MPNet Sequence Classification - UKR Message Classifier

Description

MPNet Sequence Classification imported from huggingface.

Originally a SetFit model, reference: https://huggingface.co/rodekruis/sml-ukr-message-classifier

Predicted Entities

ANOMALY, ARMY, CHILDREN, CONNECTIVITY, CONNECTWITHREDCROSS, EDUCATION, FOOD, GOODSSERVICES, HEALTH, INCLUSIONCVA, LEGAL, MONEY/BANKING, NFINONFOODITEMS, OTHERPROGRAMSOTHERNGOS, PARCEL, PAYMENTCVA, PETS, PMER/NEWPROGRAMOPERTUNITIES, PROGRAMINFO, PROGRAMINFORMATION, PSSRFL, REGISTRATIONCVA, SENTIMENT/FEEDBACK, SHELTER, TRANSLATION/LANGUAGE, TRANSPORT/CAR, TRANSPORT/MOVEMENT, WASH, WORK/JOBS

Download Copy S3 URI

How to use

import sparknlp
from sparknlp.base import *
from sparknlp.annotator import *
from pyspark.ml import Pipeline
document = DocumentAssembler() \
    .setInputCol("text") \
    .setOutputCol("document")
tokenizer = Tokenizer() \
    .setInputCols(["document"]) \
    .setOutputCol("token")
sequenceClassifier = MPNetForSequenceClassification \
    .pretrained() \
    .setInputCols(["document", "token"]) \
    .setOutputCol("label")
data = spark.createDataFrame([
    ["I love driving my car."],
    ["The next bus will arrive in 20 minutes."],
    ["pineapple on pizza is the worst 🤮"],
]).toDF("text")
pipeline = Pipeline().setStages([document, tokenizer, sequenceClassifier])
pipelineModel = pipeline.fit(data)
results = pipelineModel.transform(data)
results.select("label.result").show()
import com.johnsnowlabs.nlp.base._
import com.johnsnowlabs.nlp.annotator._
import org.apache.spark.ml.Pipeline
import spark.implicits._

val document = new DocumentAssembler()
  .setInputCol("text")
  .setOutputCol("document")

val tokenizer = new Tokenizer()
  .setInputCols(Array("document"))
  .setOutputCol("token")

val modelPath = "onnx_exported/rodekruis/sml-ukr-message-classifier"

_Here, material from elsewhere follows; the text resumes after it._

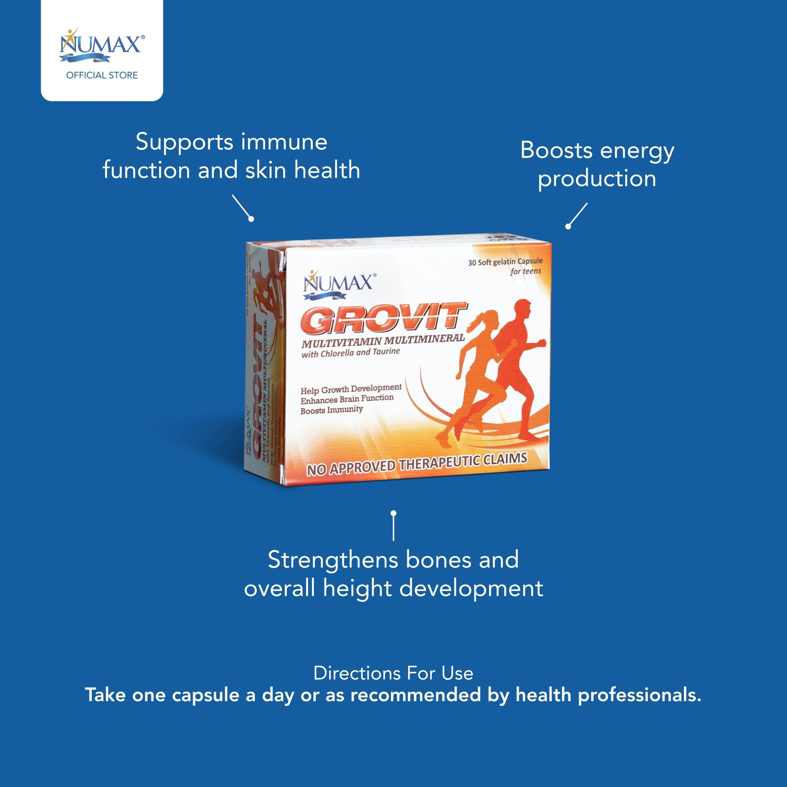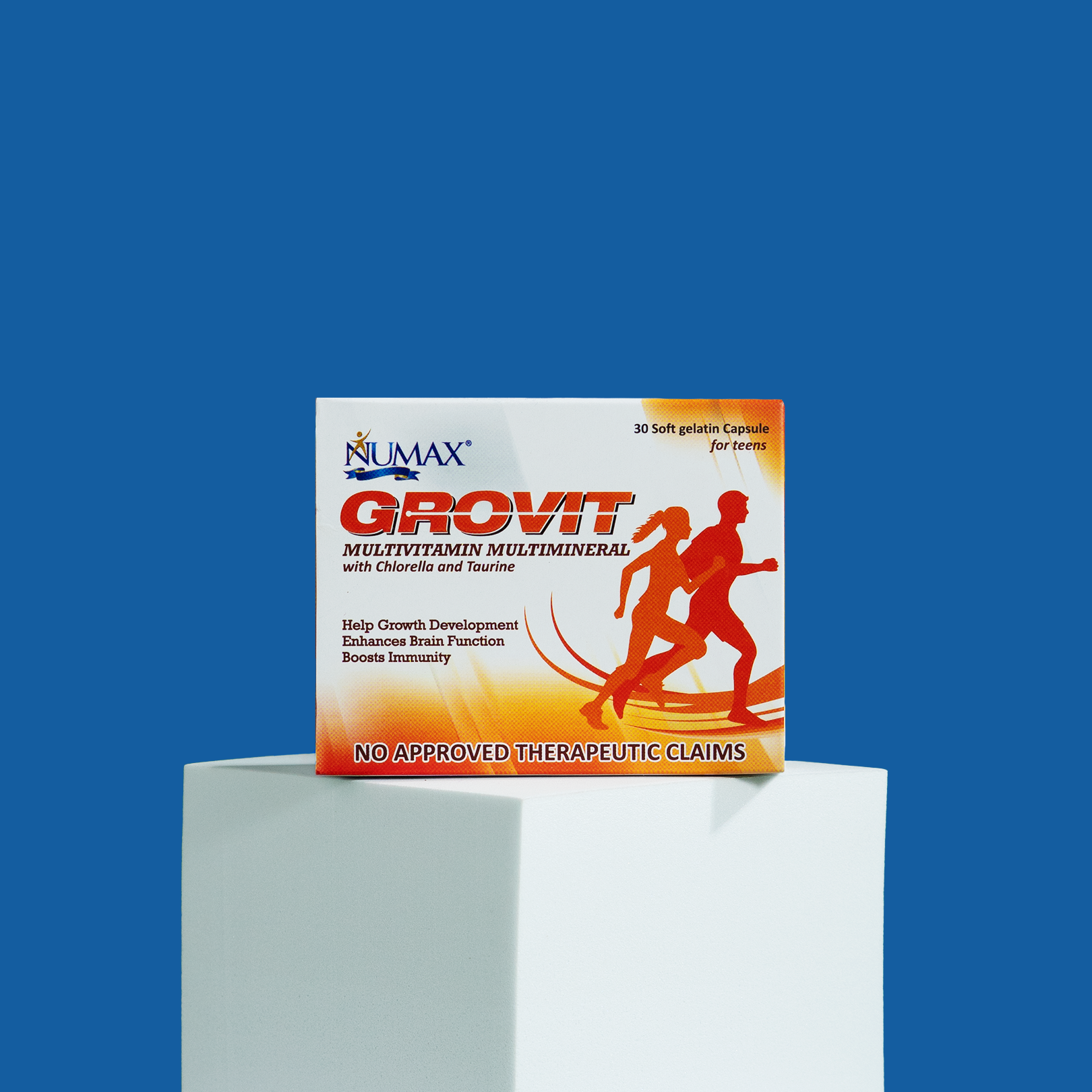 Overall Description: Numax Grovit is a powerful, all-in-one supplement designed to support overall health, boost energy levels, and promote physical and mental well-being. This comprehensive formula combines a variety of essential vitamins, minerals, and botanicals for enhanced cognitive function. This also provides key support for immune function, skin health, bone strength, and energy production. Additionally, Grovit contains vital nutrients that play a role in bone development and overall growth. With consistent use, the rich combination of vitamins and nutrients can potentially accelerate the process of growing taller, especially during the critical growth periods of adolescence. Grovit helps strengthen bones, improve bone density, and may support overall height development, making it a great choice for those looking to maximize their growth potential. This holistic blend provides not only overall health benefits but also a special edge for those aiming to grow taller faster and healthier.

val sequenceClassifier = MPNetForSequenceClassification
  .loadSavedModel(modelPath, spark)
//        .pretrained()
  .setInputCols(Array("document", "token"))
  .setOutputCol("label")

val texts: Seq[String] = Seq(
  "I love driving my car.",
  "The next bus will arrive in 20 minutes.",
  "pineapple on pizza is the worst 🤮")
val data = texts.toDF("text")

val pipeline = new Pipeline().setStages(Array(document, tokenizer, sequenceClassifier))
val pipelineModel = pipeline.fit(data)
val results = pipelineModel.transform(data)

results.select("label.result").show()

Results

+--------------------+
|              result|
+--------------------+
|     [TRANSPORT/CAR]|
|[TRANSPORT/MOVEMENT]|
|              [FOOD]|
+--------------------+

Model Information

Model Name: mpnet_sequence_classifier_ukr_message
Compatibility: Spark NLP 5.2.3+
License: Open Source
Edition: Official
Input Labels: [document, token]
Output Labels: [label]
Language: en
Size: 403.5 MB